|
The computing characteristics of high Energy Physics consists of independent events (collisions), easy (read: trivial) parallel processing, the bulk of the data is read-only, versions rather than updates, meta-data in databases linking to files, the compute power is measured in SPECint (not SPECfp). There are very large aggregate requirements, computation, data, input/output, chaotic workload in the research environment, physics extracted by iterative analysis, collaborating groups of physicists and unpredictable, unlimited demand.
The Large Hadron Collider (LHC) has the goal: "Find new physics, such as the Higgs particle, and get the Nobel price !", were Sverre Jarp's comments.

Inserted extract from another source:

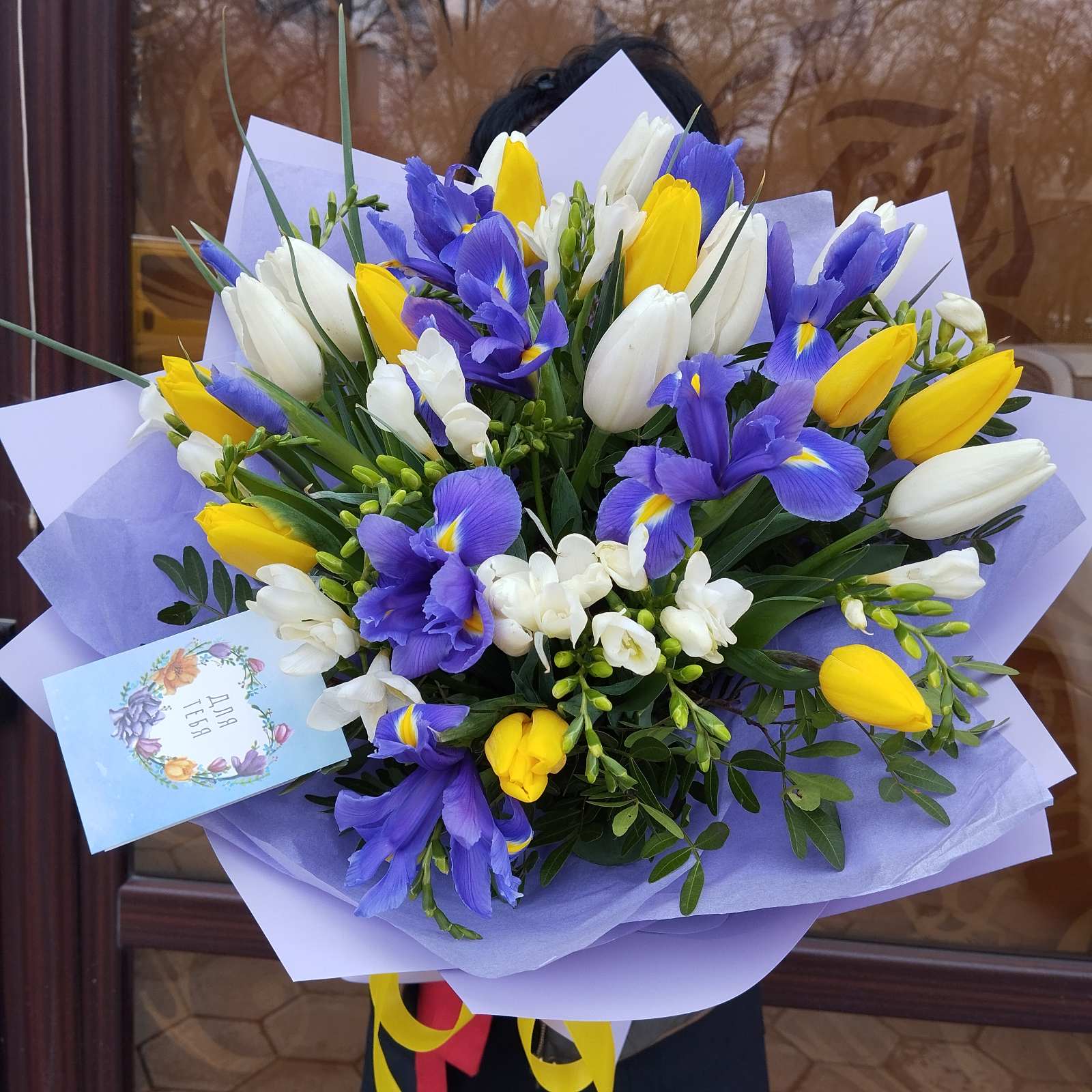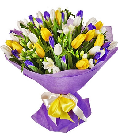 Яркий, как весеннее Солнце, букет может быть доставлен только в период примерно с января-февраля до апреля - в период цветения упомянутых весенних цветов.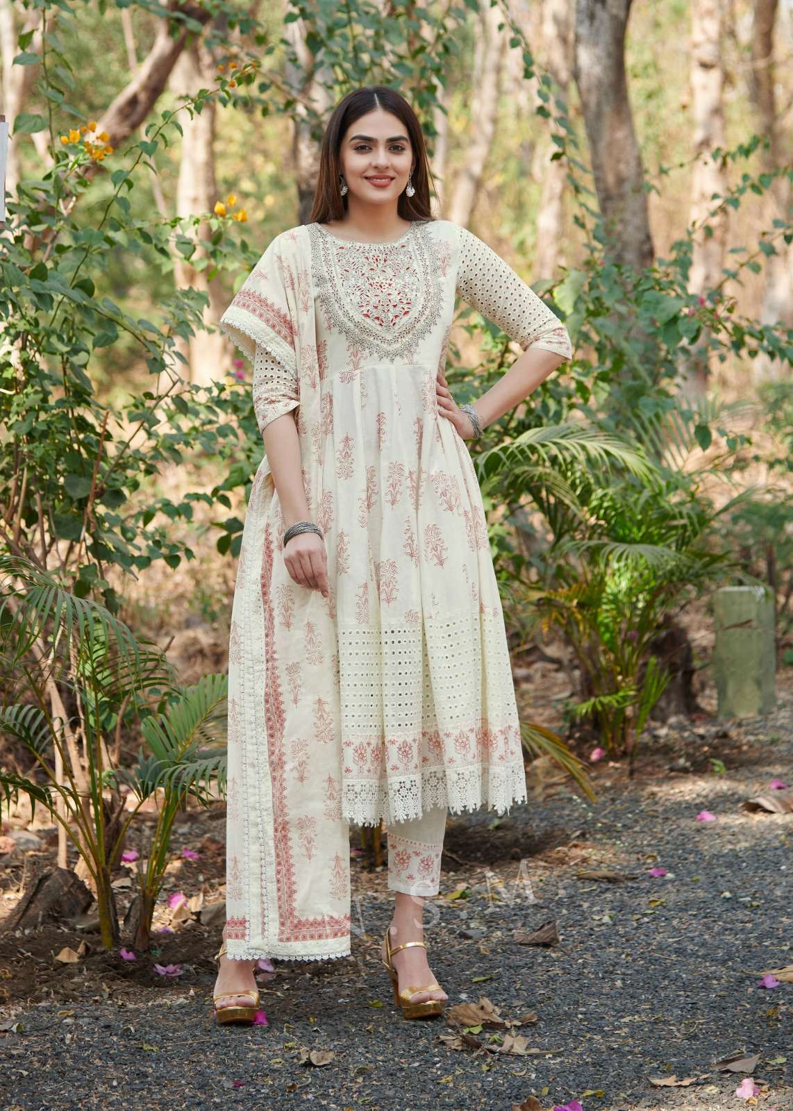 *TOP- HEAVY EMBROIDERY NACK WORK WITH PURE COTTON PRINT ANARKALI STYLE WITH SHIFFLI PANEL WORK*

The Data Acquisition is characterised by:
- Multi-level trigger
- Filters out background
- Reduces data volume
- Record data 24 hours a day, 7 days a week
- Equivalent to writing a CD every 2 seconds
CERN's responsibilities as a large data centre:
- Manage home directories
- With worldwide access
- Transfer data from experimental areas
- Record to tape
- Re-export "raw" data to other physics labs
- Manage the physics data at every level in the analysis chain
- Data accessed locally
- Data accessed via the "GRID"
CASTOR (CERN Advanced STORage Manager)
The hierarchical storage manager used to store user and physics files and manages the secondary and tertiary storage. Currently it holds more than 9 million files and 2000 TB of data. The development started in 1999 based on SHIFT, CERN's tape and disk management system since the beginning of the 1990s. SHIFT architecture (Scalable Heterogeneous Integrated Facility) connects tape server, disk server, batch server, interactive server, batch and disk SMP via a network based on Ethernet and AFS (Andrew File Systems).

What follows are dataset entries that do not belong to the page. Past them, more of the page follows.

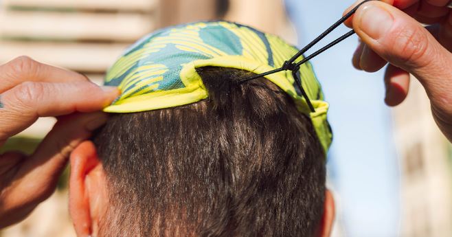 Tecido de malha ultraleve, antibacteriano e extremamente respirável. Não retém umidade caso você jogue um pouco mais de água sobre a cabeça para se refrescar. O tecido atoalhado antibacteriano de secagem rápida no interior do boné é muito macio e oferece conforto ideal sem pressionar. O topo da cabeça permanece coberto por um tecido opaco e leve para proteção extra sem comprometer a ventilação. A faixa de malha elástica se ajusta perfeitamente a qualquer formato e não sai quando você aumenta a velocidade.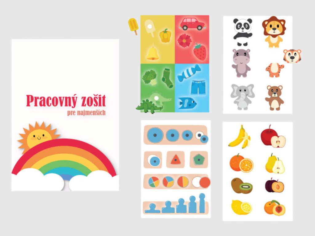 Ideálny zošit pre detičky, ktoré sa zoznamujú so svetom farieb, tvarov a základných pojmov. Na desiatich stranách (vo veľkosti A4) deti čakajú jednoduché, ale pútavé aktivity so suchým zipsom zamerané na farby, tvary, zvieratká, veľkosti či ovocie a zeleninu.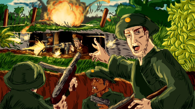 In terms of technique, I tried my professor's suggestion on using Gaussian blur in my linework. I used that to soften the lines and then a combination of that and motion blurring on the background to bring the two soldiers into focus. The explosion was a lot of fun to do. Never did one before, so I looked at a combination of explosions from WW2, real-life, and comics/manga. Not gonna lie, when I finally applied the lighting to the explosion, I was giddy with excitement.

The main characteristics of Castor are:
the components in CASTOR have well defined roles and interfaces, it is possible to change a component without affecting the whole system
- Highly Distributed System
CERN uses a very distributed configuration with many disk servers/tape servers and can also run in more limited environment
the number of disk servers, tape servers, name servers is unlimited. The use of RDBMS (Oracle, MySQL) improves the scalability of some critical components
consist of name server, volume manager, volume and drive queue manager
- Disk subsystem
- Tape Subsystem
Then he mentioned openlab, a technology focus industrial collaboration with Enterasys, HP, IBM, and Intel as the partners. The technology is aimed at the LHC era, network switch at 10 Gigabits, rack-mounted HP servers, Itanium-2 processors, and a StorageTank storage system. He expects a cluster evolution with a cluster of 32 systems (64 processors) in 2002, in 2003 64 systems ("Madison" processors), and in 2004/05 possibly 128 systems ("Montecito" processors). The opencluster result is the "10 Gbit/s network" challenge, groups together three Openlab partners and CERN, current results are a single stream tcp/ip connection: 755 MB/s over a 10 km fibre, back-to-back, memory-to-memory.
Grid = Virtual Computing Center
This seems the solution for LHC, as the user sees the image of a single cluster and does not need to know, where the data is, where the processing capacity is, how things are interconnected, the details of the different hardware and is not concerned by the local policies of the equipment owners and managers. The vision of Grid Data Management is distributed shared data storage, ubiquitous data access, transparent data transfer and migration, consistency and robustness as wel as optimisation. CERN is busily preparing for the first arrival of LHC data in 2007. New and exciting technologies are needed to manage the data seamlessly, around the globe. Together with the partners (industry, other Physics Labs, other sciences) CERN expects to come up with interesting proofs-of-concept and technological spin-off ! Petabyte Data Centers are here to stay ! |